DESTINY BAY was the first of a series of Byrne’s works that were published posthumously. In form, it is a collection of nine short stories that are unified by their common narrator, Kerry MacFarlane, who will inherit his uncle’s estate in Destiny Bay. The point of view of Kerry—a thinly disguised version of the author as a young man—gives consistency to the tales as does Byrne’s use of the same cast of characters throughout the book with a different character coming into prominence in each new story. The characterizations in DESTINY BAY are not deep, but they are colorful and memorable in their lovable eccentricities. Leading the cast is the protective, patriarchal figure of Uncle Valentine, with his red beard so huge that it covers his chest like a breastplate, and his blind sister Jenepher, who whistles birdcalls and “sees,” with her wisdom and kindliness, much more clearly than anyone around her. The minor characters are equally romantic and eccentric: Uncle Cosimo, driven to alcohol over love of a Chinese girl he has seen but never met; his faithful gypsy friend Anselo, who travels six years to find Cosimo a replacement for the “Fair Maid of Wu”; James Carabine the prizefighter, who is taken in by a scheming New York singer and left heartbroken; the Spanish Duke’s shy and elusive “grandson,” who turns out to be Ann-Dolly; and her eventual husband, the courtly and sensitive dreamer Jenico.

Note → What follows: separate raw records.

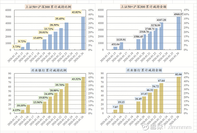 $兴业银行(SH601166)$ 哎,本来都关了不看了,可是好多人催我算下汇金卖了多少,好吧随便水个贴。根据当日成交量推算,今天汇金又疯狂大甩卖了850亿的上证50ETF和沪深300ETF,相当于卖出兴业银行15亿。目前已经卖掉43%,还剩下57%。慢慢熬吧,我忙其他的去了,各位评论就不回复和点赞了。一天水了两贴,感觉浪费了公共资源,叨扰各位了。祝大家发财!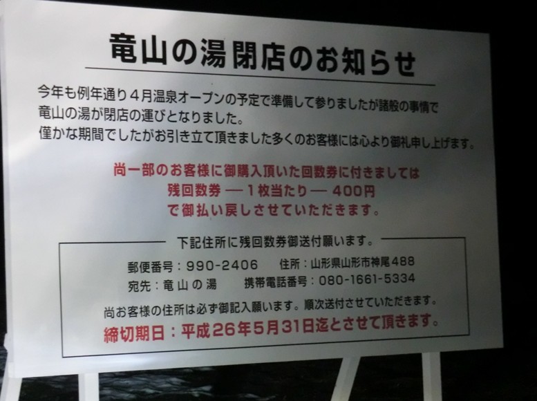 ------2016年3月26日追記 竜山の湯廃業のお知らせ-------------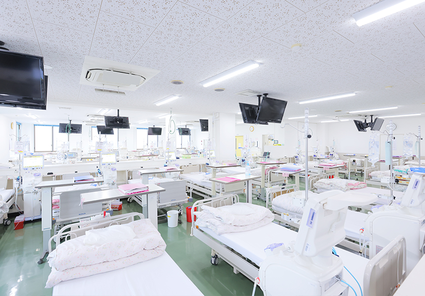 当院透析室では、54台の透析機器及びベッドを設置。 透析治療に関して、患者様の状況に合わせ様々なご提案をさせていただいております。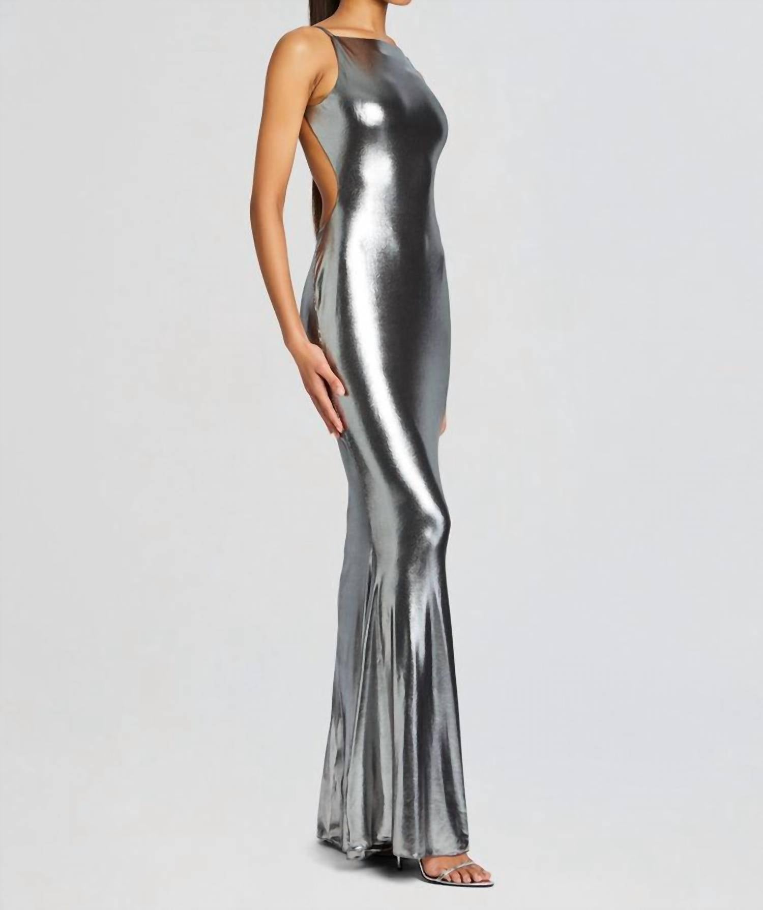 Who doesn't love a good maxi dress? This one you'll be reaching for season after season. Make a dazzling entrance with the Romilly Metallic Open-back Evening Dress by RETROFETE, a statement piece in a luxurious gunmetal hue. This sleeveless maxi dress features a mermaid silhouette with an alluring open back and a collar neckline, perfect for a glamorous soirée. Its composition combines 92% Polyester and 8% Spandex, ensuring a comfortable yet elegant fit. Made in China with a secure zip closure, this dress requires dry cleaning for care. Model is 5'10" wearing size S.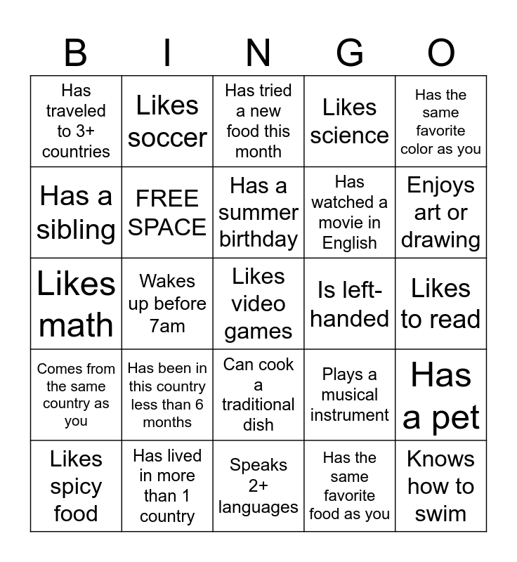 This bingo card has 25 words: Has been in this country less than 6 months, Speaks 2+ languages, Has a summer birthday, Likes spicy food, Has the same favorite color as you, Has traveled to 3+ countries, Has a sibling, Likes soccer, Is left-handed, Can cook a traditional dish, Has watched a movie in English, Likes math, Plays a musical instrument, Has a pet, FREE SPACE, Knows how to swim, Likes to read, Has tried a new food this month, Enjoys art or drawing, Wakes up before 7am, Likes video games, Has lived in more than 1 country, Comes from the same country as you, Likes science and Has the same favorite food as you.
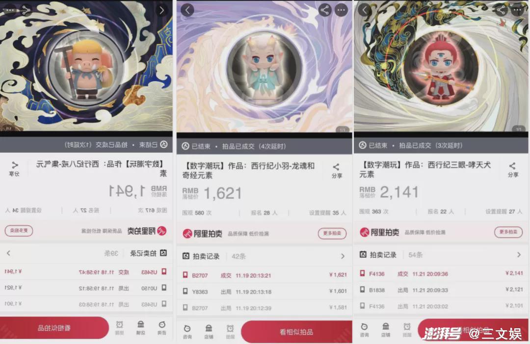 “个性化+爱好+潜在的可增值空间”,让这类限量发售的皮肤在市场上炙手可热。不久前,在阿里拍卖上线的数字潮玩西行纪系列多款产品,以1元起拍,经过及时轮出价拍出了上千元的价格。如西行纪小羽-龙魂和奇经元素落槌价1621元,西行纪三眼-哮天犬元素2141元,西行纪八戒-集气元素1941元。
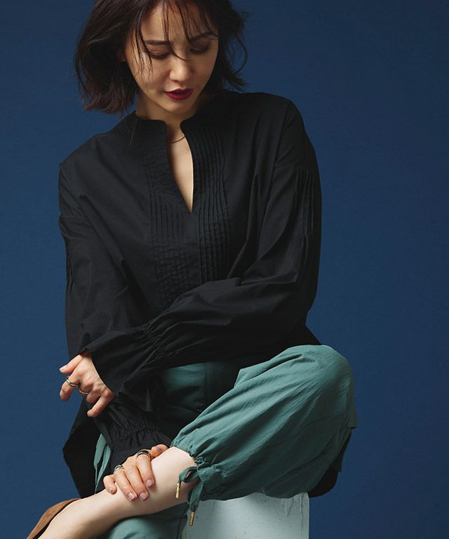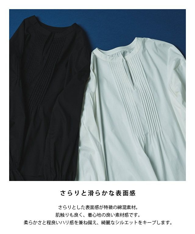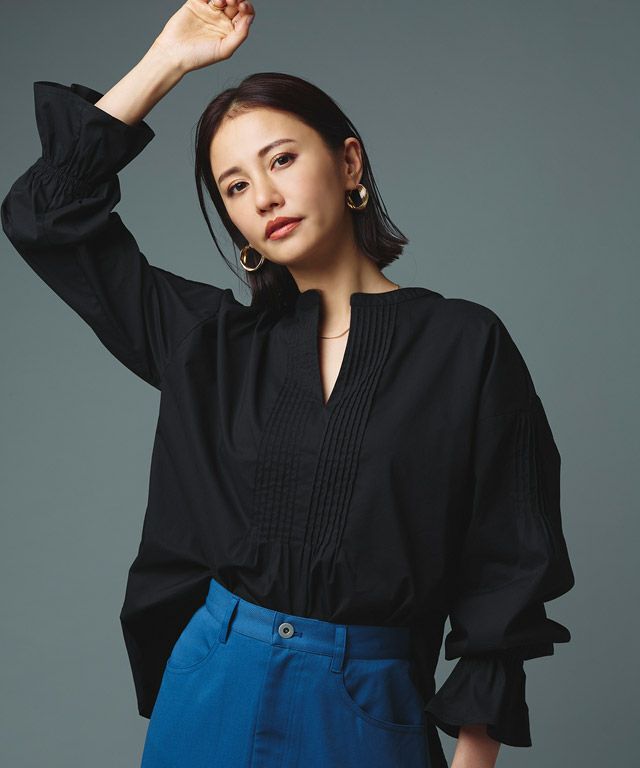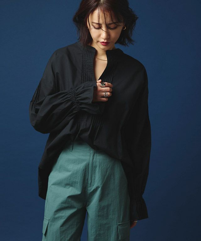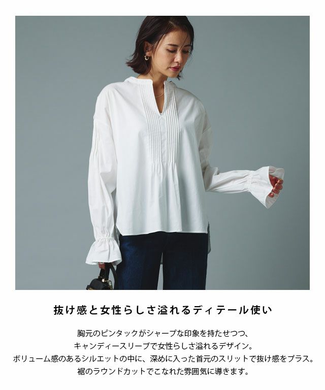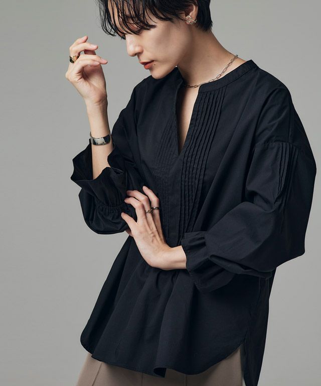 胸元のピンタックがシャープな印象を持たせつつ、キャンディースリーブで女性らしさ溢れるデザイン。裾のラウンドカットでこなれた雰囲気に導きます。ボリューム感のあるシルエットの中に、首元に深めに入ったスリットで大人の抜け感をプラス。細部までこだわりの詰まったデザインブラウスです。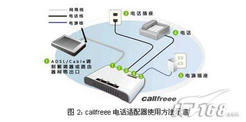 這不僅僅意味著用戶不需要高價購買設(shè)備,不需要支付任何的月租費(fèi),更重要的是用戶不需要擔(dān)心設(shè)備廠商服務(wù)質(zhì)量下降甚至中斷設(shè)備的使用。而且callfreee電話適配器配置完成以后使用方式非常簡單,用戶不需要更換電話機(jī)、變更電話號碼和和撥號方式,使用方法如下圖所示: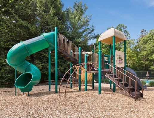 The children's play area, located behind the clubhouse parking lot, has slides, a rock wall, and a smaller structure for younger children. Please be respectful of other residents while playing.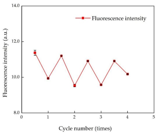 The difference between a fluorescence sensor and a fluorescence probe is the reversibility of fluorescence changes. We studied the reproducibility of N, S-CDs to detect ammonia by adding ammonia and HCl to the N, S-CDs solution alternately. As shown in Figure 8, over four cycles the CDs sensor had good recovery, which indicated that N, S-CDs have a good reversible performance in ammonia detection.
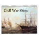Kalender som innehåller bilder av fraktaser, järnklader, monitorer och styrskepp från de blå och bruna vatten-flottorna.

The incidents that form the plots of Byrne’s stories are as romantically improbable as his characters. Stories such as that of Ann-Dolly’s disguise as Don Anthony, Cosimo’s deliverance from drink and subsequent missionary work in London, and Uncle Valentine’s twelve-year correspondence with Aunt Jenepher under the name of her dead lover Digory, abound in DESTINY BAY, but what ties such scattered events as these together is the ever-present Irish background. The nostalgic mood and vivid setting is established early in the first tale, and this setting remains almost as tangible a presence as the characters themselves throughout the book. Although Destiny Bay is not on any map of Ireland, Byrne’s stories make it a real place, with its thirty square miles of territory on the North Sea, unvisited by any trade save that of the gypsies; with its sometimes gentle, sometimes ruthless coast, and its brown bogland studded with flowers and inhabited only by snipes and moor hens; with its tall mountains purple with heather and its tiny, ten-house village of Ballyfale.
When Byrne died in 1928 in an automobile accident, he was only thirty-nine years old. When one reads his lyrical descriptions, rich with Gaelic imagery and vivid scenes of natural beauty, one feels that if his talent falls far short of excellence, he nevertheless died with a great deal of his potential yet unrealized.